Поужинав, Егор и Ольга отправились в свою комнату. Но едва они устроились у телевизора, как к ним вошел Родион.
— Вы что творите? — прозвучал вопрос от зятя. — Вы сами-то понимаете? Ладно, Ольга Евгеньевна. Я уже ничему, что она говорит и делает, не удивляюсь. Но вы, Егор Сергеевич...
— А что такое, Родя? — уточнил тесть.
— Да ничего. Мало того, что вы моей жене гадостей наговорили, и у нее чуть выкидыш не случился, так еще и на меня в полицию заявили. Вы вообще в своем уме?! — строго спросил Родион.
— А ты как разговариваешь, а? — Ольга нахально уставилась на зятя.
— Все, дорогие, я в этой квартире больше ни на минуту не останусь, — поняв, что разговаривать с родителями жены совершенно бесполезно, сказал молодой человек. Он сразу развернулся и пошел прочь.
— Родя, подожди! — крикнул ему Егор. И тот остановился.
— Знаете, Егор Сергеевич, мы со Светой хотели пожить в своей квартире, но вместо этого будем снимать. Лишь бы быть подальше от таких родственничков как вы.
— Иди, иди, — равнодушно ответила ему Ольга, — только ничего чужого не прихвати.

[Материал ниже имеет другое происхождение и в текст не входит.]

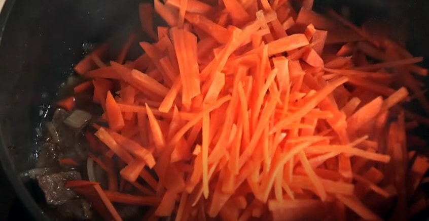 Пока жарится свинина, очистите 1-2 крупные морковки. Подойдет старая, а не молодая морковь. Ее можно не жалеть, она придаст красивый цвет плову и фирменный вкус. Нарежьте ее тонкой соломкой — нарезка традиционная для приготовления плова. Измельчать на терке крайне не рекомендуется. К обжаренному мясу закладываем морковь и продолжаем готовить на сильном огне. Примерно через 3-4 минуты аккуратно перемешиваем, чтобы не разломать морковку. И продолжаем обжаривать еще минут 10-15, до золотистого цвета.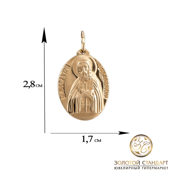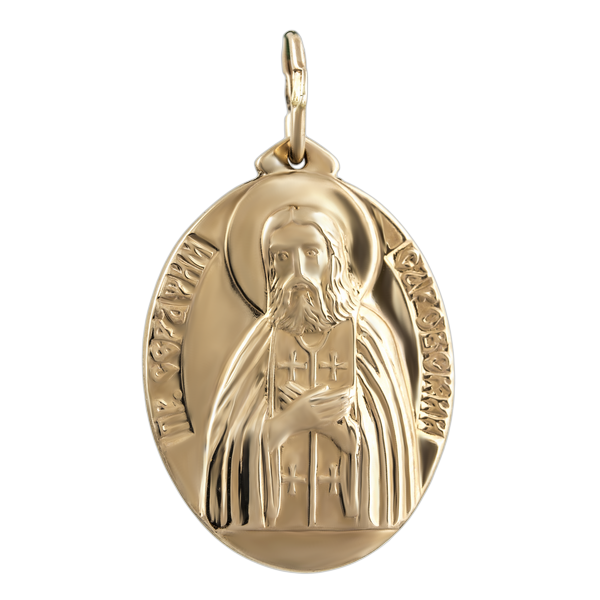 Этот золотой подвес просто незаменимый подарок для каждого друга, близкого и родственника по имени Серафим. Если же судьба не свела вас ни с кем по имени Серафим, не расстраивайтесь, ведь он станет бесценной частью каждого дома и каждого своего владельца. Утонченный подвес сделан из красного золота 585 пробы, с вылитым на лицевой стороне подвеса изображением Святого Серофима со Священным Писанием в руках. Подвес станет вашим неотъемлемым оберегом и будет приносить не только удачу, но и невидимую силу, которая будет толкать вас вперед, к вершинам и желаниям, к целям и мечтам. К тому же он будет выгодно подчеркивать красоту вашей шеи, привлекая к ней внимание и восхищение.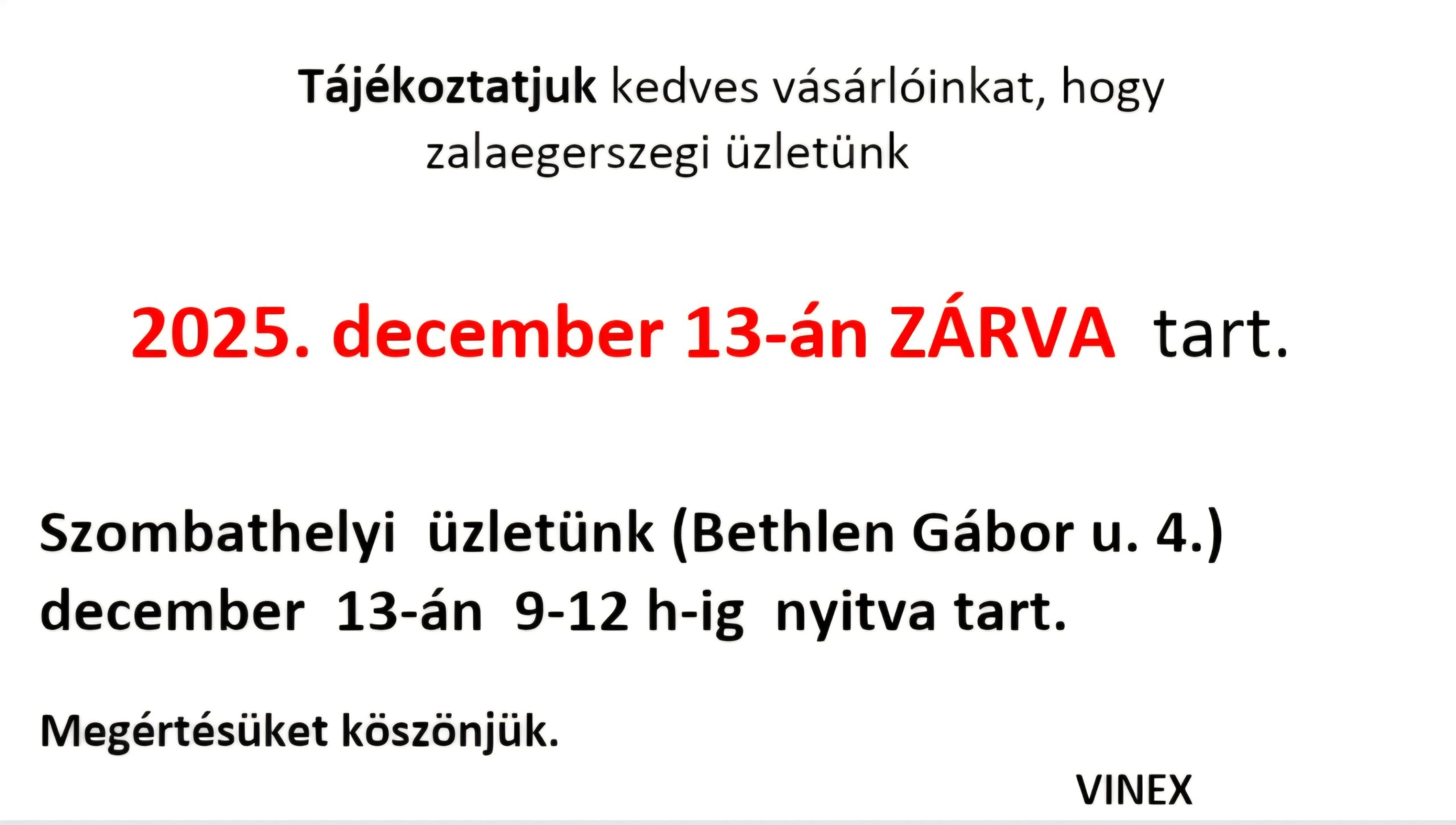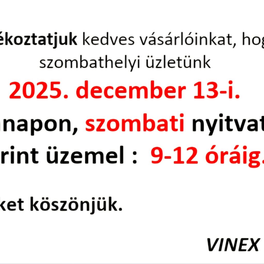 szombathelyi üzletünk december 13-i. munkanapon, szombati nyitvatartás szerint üzemel : 9-12 óráig. Megértésüket köszönjük. VINEX

— Мать, ты чего? — обратился к ней Егор.
Что бы сейчас не говорила Ольга, ему было стыдно перед зятем. А ведь Родиона можно было понять. Во-первых, ничего еще не было доказано касательно кражи крупной суммы денег, во-вторых, молодой человек вполне достойно терпел тёщу почти полтора года: вел себя терпимо и спокойно. А тут парень сорвался, да и сам Егор, по большому счету, пошел на поводу у Ольги — позвонил зачем-то следователю и рассказал про несовершенную сделку Родиона. Сейчас тесть об этом жалел, считал, что сделал звонок непоследовательно делам, расследованию. Хотелось вернуть зятя, но пока это не представлялось возможным.
***
В эту ночь Егор почти не спал, переживая уход Родиона, а на следующий день его вызвал к себе Игорь Васильевич. У него появилась новая информация.
— Ну что, Егор Сергеевич, наконец и для вас появилась хорошая новость, — сказал следователь, пропуская в свой кабинет Шимановского.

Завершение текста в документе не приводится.